On Thursday morning I translated the second refrain of “Ballade de la chnoufe” (Ballad of the Snuff) by Boris Vian.
I finished memorizing “Tout l’monde est musician” (Everyone’s a Musician) by Serge Gainsbourg. Tomorrow I’ll start looking for the chords.
I weighed 87.9 kilos before breakfast.
I played my old Epi acoustic during song practice for the last of two sessions and it stayed in tune the whole time. Tomorrow I begin a two session stretch of playing my Kramer electric.
In my Mae West “She Done Him Wrong” Movie Maker project I made a video of the first scene and published it. I took a couple of screen shots. “She Done Him Wrong” is based on Mae West’s hit Broadway play Diamond Lil, which she also wrote.
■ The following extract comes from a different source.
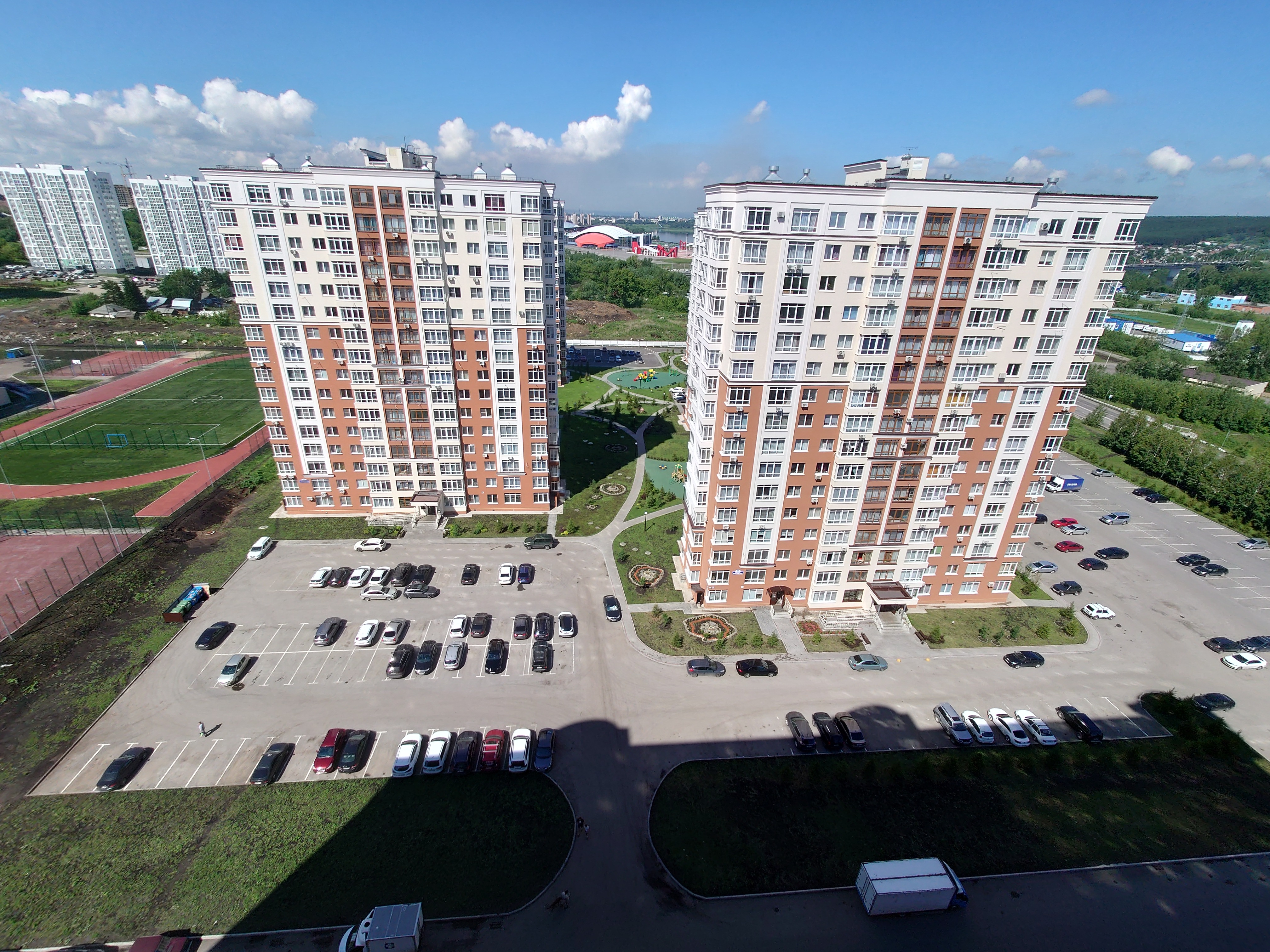 • В ЖК «Притомский» есть сквер с детскими и спортивными площадками. Во дворе подземный паркинг. Территорию просматривают камеры видеонаблюдение.

I weighed 88.65 kilos before lunch.
In the afternoon I took a bike ride downtown and on the way back stopped at Freshco. I bought five bags of green grapes, a pork tenderloin (I didn’t notice till I got home that it was from the US, otherwise I wouldn’t have bought it), a jar of natural peanut butter, two packs of Full City Dark coffee, marinara sauce, a small jar of Calabrian sausage spread (very expensive at $10 but I was curious. It’s so hot one can barely taste the sausage), and a pack of Irish Spring soap bars. I did a price match on the grapes with the Real Canadian Superstore’s price of $6.59 a kilo.
I weighed 88.25 kilos at 19:00.
I was caught up in my journal at 20:13.
I reviewed one side of the next cassette on the pile and there are only two poems that I sing acapella at Fat Albert’s. The other side is a Christian and the Lions show. I’ll review that tomorrow.
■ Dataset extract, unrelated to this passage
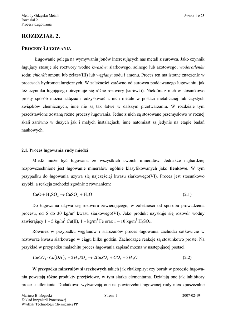 Metody Odzysku Metali Rozdział 2. Procesy Ługowania Strona 1 z 25 ROZDZIAŁ 2. PROCESY ŁUGOWANIA Ługowanie polega na wymywaniu jonów interesujących nas metali z surowca. Jako czynnik ługujący stosuje się roztwory wodne kwasów: siarkowego, solnego lub azotowego; wodorotlenku sodu; chlorki: amonu lub żelaza(III) lub węglany: sodu i amonu. Proces ten ma istotne znaczenie w procesach hydrometalurgicznych. W zależności zarówno od surowca poddawanego ługowaniu, jak też czynnika ługującego otrzymuje się różne roztwory (surówki). Niektóre z nich w stosunkowo prosty sposób można zatężać i odzyskiwać z nich metale w postaci metalicznej lub czystych związków chemicznych, inne nie są tak łatwe w dalszym przetwarzaniu. W rozdziale tym przedstawione zostaną różne procesy ługowania. Jedne z nich są stosowane przemysłowo w różnej skali zarówno w dużych jak i małych instalacjach, inne natomiast są jedynie na etapie badań naukowych. 2.1. Proces ługowania rudy miedzi Miedź może być ługowana ze wszystkich swoich minerałów. Jednakże najbardziej rozpowszechnione jest ługowanie minerałów ogólnie klasyfikowanych jako tlenkowe. W tym przypadku do ługowania używa się najczęściej kwasu siarkowego(VI). Proces jest stosunkowo szybki, a reakcja zachodzi zgodnie z równaniem: CuO + H 2SO 4 → CuSO 4 + H 2 O (2.1) Do ługowania używa się roztworu zawierającego, w zależności od sposobu prowadzenia procesu, od 5 do 30 kg/m3 kwasu siarkowego(VI). Jako produkt uzyskuje się roztwór wodny zawierający 1 – 5 kg/m3 Cu(II), 1 – kg/m3 Fe oraz 1 – 10 kg/m3 H2SO4. Również w przypadku węglanów i siarczanów proces ługowania zachodzi całkowicie w roztworze kwasu siarkowego w ciągu kilku godzin. Zachodzące reakcje są stosunkowo proste. Na przykład w przypadku malachitu proces ługowania zapisać można w następującej postaci CuCO3 ⋅ Cu (OH )2 + 2 H 2 SO 4 → 2CuSO 4 + CO 2 + 3H 2 O (2.2) W przypadku minerałów siarczkowych takich jak chalkopiryt czy bornit w procesie ługowania powstają różne produkty przejściowe, w tym siarka elementarna. Działają one jak inhibitory procesu utleniania. Dodatkowo wytwarzają one na powierzchni ługowanej rudy nierozpuszczalne Mariusz B. Bogacki Zakład Inżynierii Procesowej Wydział Technologii Chemicznej PP Strona 1 2007-02-19 Metody Odzysku Metali Rozdział 2. Procesy Ługowania Strona 2 z 25 powłoki (siarka elementarna), blokujące dostęp do powierzchni minerału czynnikom ługującym. Powoduje to, że reakcja roztwarzania rud siarczkowych jest bardzo wolna i może trwać od kilku miesięcy do nawet kilku lat celem pełnego rozpuszczenia minerału. Podstawowym problemem w procesie ługowania rud siarczkowych jest to, że siarczki są trudno rozpuszczalne w wodzie i ich roztwarzanie wymaga zastosowania odpowiednich czynników utleniających. Najczęściej utleniaczem są jony Fe3+. Mogą być one dostarczane do środowiska reakcji bezpośrednio w roztworze ługującym, lub też powstawać w trakcie procesu ługowania jako efekt utlenienia żelaza(II) do żelaza(III) tlenem atmosferycznym. Rzadziej jako utleniacz w procesie ługowania rud siarczkowych stosowany jest tlen atmosferyczny. W typowym procesie do ługowania używa się kwasu siarkowego(VI). Sam proces ługowania jest zdecydowanie bardziej złożony aniżeli w przypadku rud tlenkowych. Jak już wspomniano konieczna jest w roztworze obecność jonów żelaza(III), które pełnią rolę utleniacza. W zależności od stopnia utlenienia miedzi w rudzie siarczkowej przebieg tego procesu zapisać można na różne sposoby. W przypadku chalkozynu jako Cu2 S + 10Fe 3+ + 15SO42− + 4 H 2O → 2Cu 2+ + 10 Fe 2+ + 12 SO42− + 4 H 2 SO4 (2.3) lub kowelinu jako CuS + 8Fe 3+ + 12SO 24− + 4 H 2 O → Cu 2+ + 8Fe 2+ + 9SO 24− + 4 H 2SO 4 (2.4) W przypadku rud mieszanych takich jak chalkopiryt reakcję tę zapisać można w formie: CuFeS 2 + 10Fe 3+ + 15SO 24− + 4 H 2 O → 2Cu 2+ + 10Fe 2+ + 12SO 24− + 4 H 2SO 4 (2.5) Jak z przedstawionych reakcji (2.3) do (2.5) wynika w każdym przypadku reakcji roztwarzania rudy towarzyszy powstawanie kwasu siarkowego(VI). W rudach siarczkowych jako jeden ze składników występuje piryt (FeS2). Reaguje on z jonami Fe(III) przechodząc do roztworu wodnego. W reakcji tej powstają jony Fe(II) oraz kwas siarkowy(VI) zgodnie z reakcją: FeS 2 + 14 Fe 3+ + 21SO 24− + 8H 2 O → 15Fe 2+ + 15SO 24− + 8H 2SO 4 (2.6) Możliwa jest również bezpośrednia reakcja pirytu z tlenem z powietrza. Wymaga ona jednakże obecności odpowiednich szczepów bakterii 2 FeS 2 + 7O 2 + 2 H 2 O ⎯bakterie ⎯⎯→ 2 Fe 2 + + 2 SO 42 − + 2 H 2 SO 4 Mariusz B. Bogacki Zakład Inżynierii Procesowej Wydział Technologii Chemicznej PP Strona 2 (2.7) 2007-02-19 Metody Odzysku Metali Rozdział 2. Procesy Ługowania Strona 3 z 25 Powstające w reakcjach (2.2) do (2.7) jony żelaza(II) mogą być utleniane tlenem z powietrza do żelaza(III) dając zamknięty cykl produkcyjny. Reakcja ta zachodzi z udziałem katalizatora oraz kwasu siarkowego(VI) 4 Fe 2 + + 4 SO 42 − + O 2 + 2 H 2 SO 4 ⎯katalizato ⎯ ⎯⎯r → 4 Fe 3+ + 6SO 42 − + 2 H 2 O (2.8) We wszystkich reakcjach ługowania rud siarczkowych powstaje kwas siarkowy(VI). Może on być użyty ponownie w roztworach ługujących na przykład do ługowania rud tlenkowych lub też wykorzystany w reakcji utleniania żelaza(II) do żelaza(III) (reakcja 2.6). Nadmiar kwasu siarkowego można wydzielić i użyć w innych procesach przemysłu chemicznego. Typowy proces ługowania rudy siarczkowej miedzi z zastosowaniem kwasu siarkowego trwa zwykle około 200 dni. Proces ten pozwala na odzyskanie 75 do 80% zawartej w rudzie miedzi. Zastosowanie bakterii w roztworze ługującym pozwala okres ten skrócić do 40 – 60 dni przy tym samym poziomie odzysku miedzi z rudy. Innym utleniaczem stosowanym w procesie ługowania rud siarczkowych może być tlen z powietrza. Wprowadzenie tlenu do u

I grilled two T-bone steaks and had one with a small potato and gravy while watching season 1, episode 20 of Car 54 Where Are You?
Police Commissioner Harper is cracking down on out of shape cops. If they are too fat, too skinny, too short or too tall they will be weeded out of the force. The upper height limit is 1.98 meters and Muldoon has always been that height exactly. But now he finds he has gained 2.2 cm and so he is afraid of being fired. He begins scrunching himself down during inspection. He figures if he stands next to other tall people his height will not be so obvious so his partner Toody helps him out by wearing elevator shoes. But Toody has always been the exact same height as Captain Block and so when he looks up at Toody he thinks that he must be shrinking. Muldoon is in charge of the upcoming policeman’s ball but he doesn’t want to go because his height will stand out. Captain Block orders him to go because Commissioner Harper will be there. Then when Muldoon goes home his mother introduces him to the Walsh’s who want someone to date their daughter. When Muldoon sees that both Mr. and Mrs. Walsh are tall he assumes their daughter Melinda will also be tall and so he agrees. But when he arrives to pick her up she turns out to be very short. He makes up an excuse that his right arm has suddenly gone out of wack. She is very nice about it and gives him a sweet kiss on the cheek while standing on a chair. He goes home but feels guilty and finally calls Melinda back to take her. At the ball he dances with Melinda and then Harper calls him over. It turns out that Harper is the same height as Melinda and his wife is very tall. He says he finds it admirable that like him Muldoon is not embarrassed to be seen dancing with a much shorter partner.
Melinda was played by the great Shari Lewis, whose father Abraham Hurwitz was the official magician of New York. She studied piano and violin at the New York High School of Music and Art. She studied dance at the American School of Ballet. She studied acting at the Neighbourhood Playhouse. In 1952 her puppetry and ventriloquism won first prize on Arthur Godfrey’s Talent Scouts. In 1953 she made her hosting debut on the children’s show Facts n’Fun with her ventriloquist dummies Samson and Taffy Twinkle. Later that year she became the host of Kartoon Klub and performed with the dummies Randy Rocket and Taffy Twinkle. The name of the show was changed to Shari and Her Friends and then Shariland (which won an Emmy award). She created Lambchop and first performed with the puppet on Captain Kangaroo in March, 1956. On her 1957 show Hi Mom she introduced her puppets Charlie Horse, Hush Puppy, and Wing Ding and won another Emmy. Her first network show was The Shari Lewis Show, which ran from 1960 to 1963. She co-wrote with her husband the Star Trek episode The Lights of Zetar in 1969. She starred in Lambchop’s Play-Along from 1992 to 1997 and The Charlie Horse Music Pizza from 1998 to 1999. She was the voice of Princess Nida on The Arabian Nights cartoon segment of The Banana Splits Adventure Hour. She won 12 Emmy Awards and one Peabody Award. She was also an accomplished symphony conductor.